Translations are usually a team effort -- hacker-translators are quite rare, and even those would tend to skew one way or the other and farm some of the trickier stuff out.

RHDN seems to focus more on translation and improvement hacking too. Translation I already mentioned but improvement tends to be either of the form of basically translation again, injecting something from another version of the game/entry in the series or improvement within the realms of "programmer art" capabilities -- the only reason I have a clue what bellicoso means is because I learned Latin at one point in time, it does not stop me from altering relative volume levels in a song though.

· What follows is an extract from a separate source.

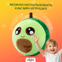 Игрушка выполнена в виде авокадо, что делает ее не просто мягкой игрушкой, но и трендовым аксессуаром. Зеленый цвет авокадо добавляет игрушке свежести и яркости.

Wander onto some of the game specific sites and team projects are reasonably common, though owing to the way they work it is usually more that a spriter will appear, do the work and then over the coming months a hacker might inject it in and sort out any fallout.

"How come the great spriters, music composers, level designers and programmers don't seem to work together more often"
As well as the above I would say for the same reason you do not see many truly extensive hacks -- ROM hacking to make a new game is an arse backwards way of making a new game.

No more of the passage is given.